What is federated search?
Federated search is simply the ability to run a search query across multiple sites, domains, or data sources and control how the search functions.
In a website context, you’re creating a real time search application that cuts across multiple domains or subdomains. For enterprise search, it could include different information sources such as intranets, databases, and other datasets.
For our customers, it’s as easy as adding a new domain or subdomain to the list of sites to include in a central index, then creating a few additional rules for how search should appear. For example, if you have a “parent” website and several “sister” websites, you may want the parent website to display results from all sites equally, but on a sister site it could favor results from that sister site.
From a searcher’s perspective, it’s the same user interface: a single search box that helps them to pinpoint the information they need.
Federated search case study: NSW.gov.au
NSW.gov.au is the public face for the Australian state of New South Wales. Like other government agencies around the world, there’s a top-level government website plus dozens of other agency sites such as the department of treasury, ministry of health, department of industry, etc.
The team at NSW.gov.au found that visitors were often searching on questions around driver’s licenses, liquor licenses, moving, and other topics that were available on a sister agency site, ServiceNSW.
To accommodate visitors, NSW.gov.au used Sajari to blend datasets from ServiceNSW — including web pages, PDF and DOCX content —and deliver results alongside the parent website’s content.
Web searches on NSW.gov.au include results from both sites but relevance scoring and machine learning automatically improve results to favor certain keyword searches. Visitors that type in “rego” (short for driver’s license registration) on NSW.gov.au will get results from ServiceNSW.
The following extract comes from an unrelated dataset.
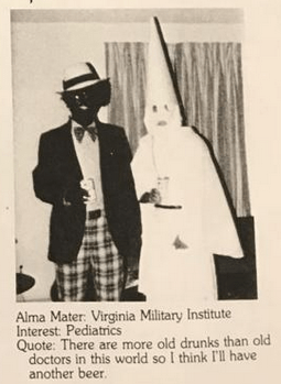 The yearbook page is headlined with Northam’s name and contains two pictures of Northam, along with a third photo in which one man is wearing blackface and another is dressed in Ku Klux Klan regalia.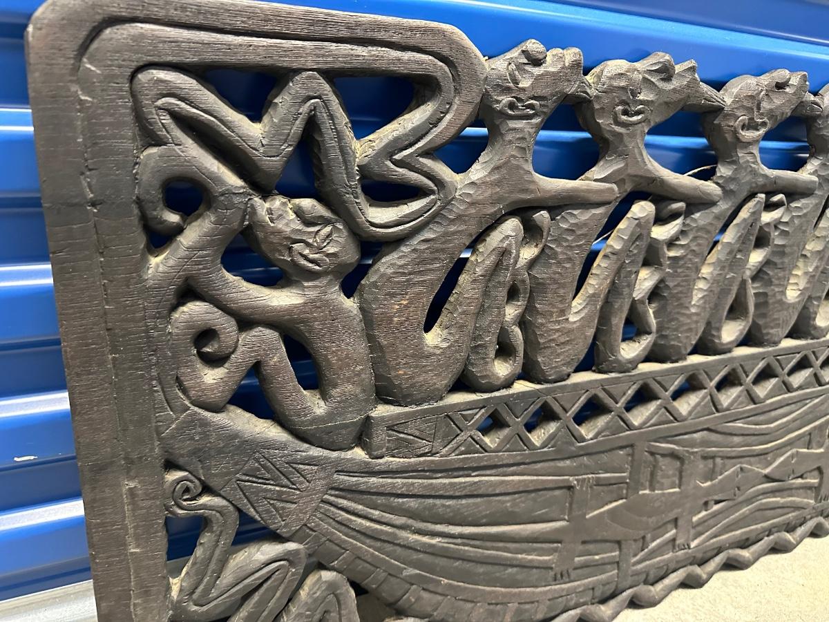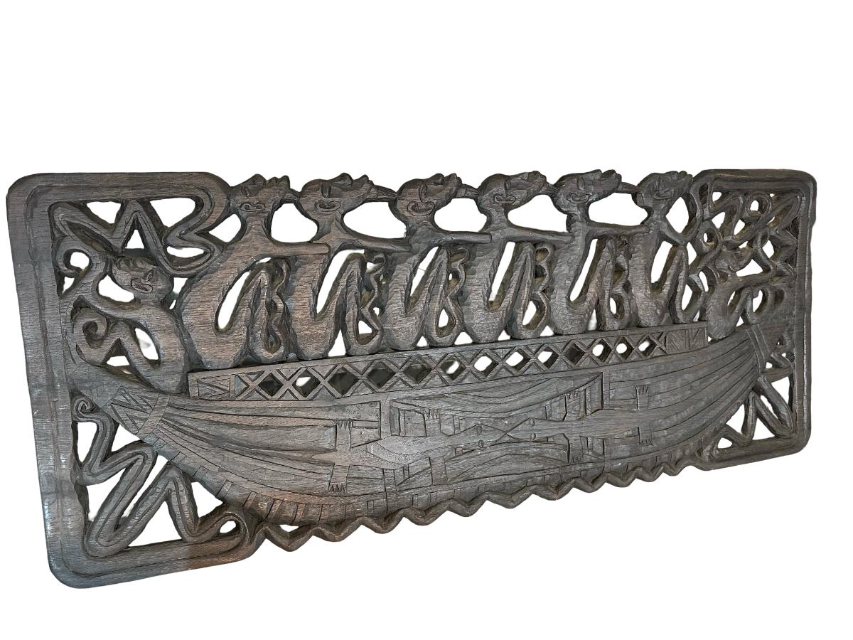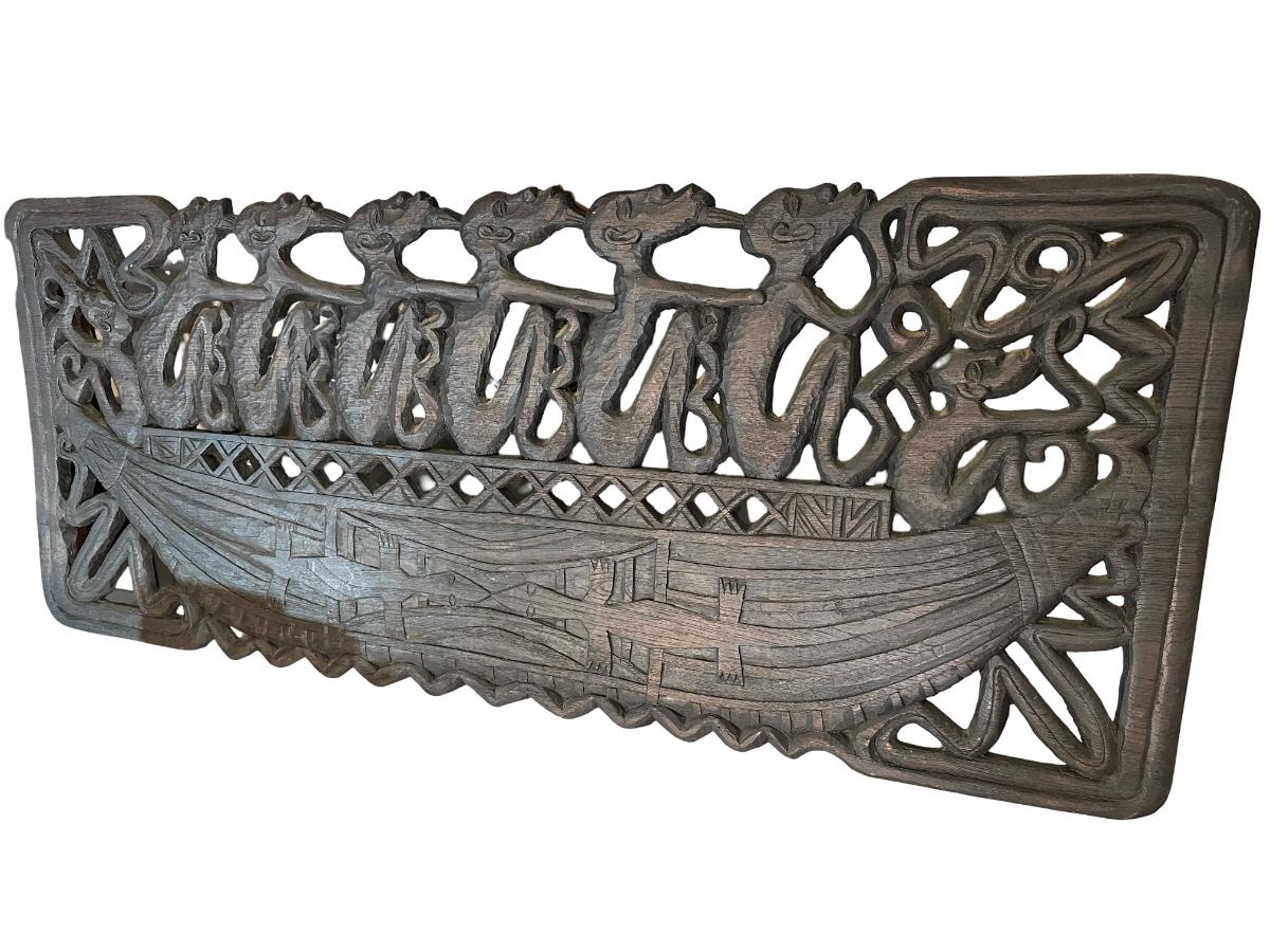 Large Indonesian Hand-Carved Wooden Canoe Relief

Each site is being crawled independently and the data is consolidated into a federated search index; no additional connectors were needed. In another situation you may need to use APIs or other types of connectors to build a central index.
Considerations for federated search
There are several considerations for determining exactly how to federate search data across sites. Here are just a few:
Organizing search results
Every site has its own goals and objectives. The content and audience can vary considerably from site to site, so it’s important to ensure that the right content is delivered for the right query.
You can configure rules to deliver result lists on one or more sites in many different ways. For example, you could organize by collection, by filters on the front end, or even by pipeline. And these are just a few ways to think about it. Let’s look at each of them briefly.
- Collection: Each site could have its own search synonyms or promotions. In that case, you may want to configure the system to search across collections differently on each site depending on where the query originates.
- Filters: You could have different tab filters on each site to narrow results to just that site or by topic. In other words, the filters could be explicitly by domain or, if the sites have very different content, the filters could be by content type.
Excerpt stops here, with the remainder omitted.